У Вэл оборвалось дыхание.
— Доктор, вы тут?
Все ее треволнения по поводу медикаментов, весь ее извращенный план, все лишние сеансы, нескончаемые рабочие дни, чувство вины, этой трижды треханой вины — и Бесс Линдер вообще не принимала лекарств. Вэл затошнило.
— Доктор? — повторял Тео.
Вэл заставила себя глубоко вдохнуть.
— Почему? То есть — когда? Уже больше месяца прошло. Когда вы это обнаружили?
— Сегодня. Мне не давали доступа к результатам вскрытия. Никому не давали. Простите, что так долго.
— Ну, спасибо, что сообщили, констебль. Я ценю вашу помощь. — Она собралась положить трубку.
— Доктор Риордан, а вам разве не нужно заводить на своих пациентов историю болезни, прежде чем вы им что-нибудь пропишете?
— Нужно. А что?
— Вы не знаете, не было ли у Бесс Линдер проблем с сердцем?
— Нет, физически она была очень здоровой женщиной, насколько мне известно. А в чем дело?
— Ни в чем, — ответил Тео. — Ох, да — я так и не выяснил, что вы думаете насчет того, о чем я вам сказал за завтраком. О Джозефе Линдере. Я по-прежнему надеюсь, что у вас появились какие-то мысли.
Весь мир опрокинулся. До этого мгновения Вэл отгораживалась от Бесс Линдер каменной стеной, поскольку предполагала, что смерть Бесс как-то связана с ее собственной халатностью.
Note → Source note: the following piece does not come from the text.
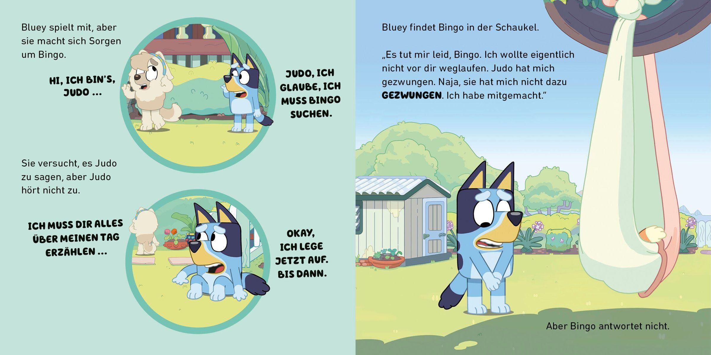 Text: BLUEY, SCHMETTERLINGE. Illustration: Zwei fröhliche Hundewelpen, einer in einer Hängematte, draußen im Garten., Buch

Но сейчас… Она в самом деле знала о Бесс очень мало.
— Чего именно вы хотите от меня, констебль?
— Мне просто нужно знать, подозревала Бесс мужа в том, что у него роман на стороне, или нет. И не давала ли она вам понять, что боится его?
— Вы хотите сказать то, что мне кажется, вы хотите сказать? Что Бесс Линдер не совершала самоубийства?
— Я этого не говорю. Я просто спрашиваю.
Вэл порылась в памяти. Что же именно Бесс Линдер говорила ей о муже?
— Я помню, она говорила, что чувствует, как он безразличен к их семейной жизни, и что она поставила ему условие.
— Поставила условие? В каком смысле?
— Она сказала ему, что раз он отказывается опускать за собой сиденье унитаза, ему отныне придется садиться самому для того, чтобы помочиться.
— И все?
— Больше я ничего не припоминаю. Джозеф Линдер — коммивояжер. Часто бывал в разъездах. Мне кажется, Бесс ощущала его помехой в своей жизни и жизни девочек. У них были не очень здоровые отношения. — Как будто бывают иные, подумала Вэл. — А вы подозреваете Джозефа Линдера?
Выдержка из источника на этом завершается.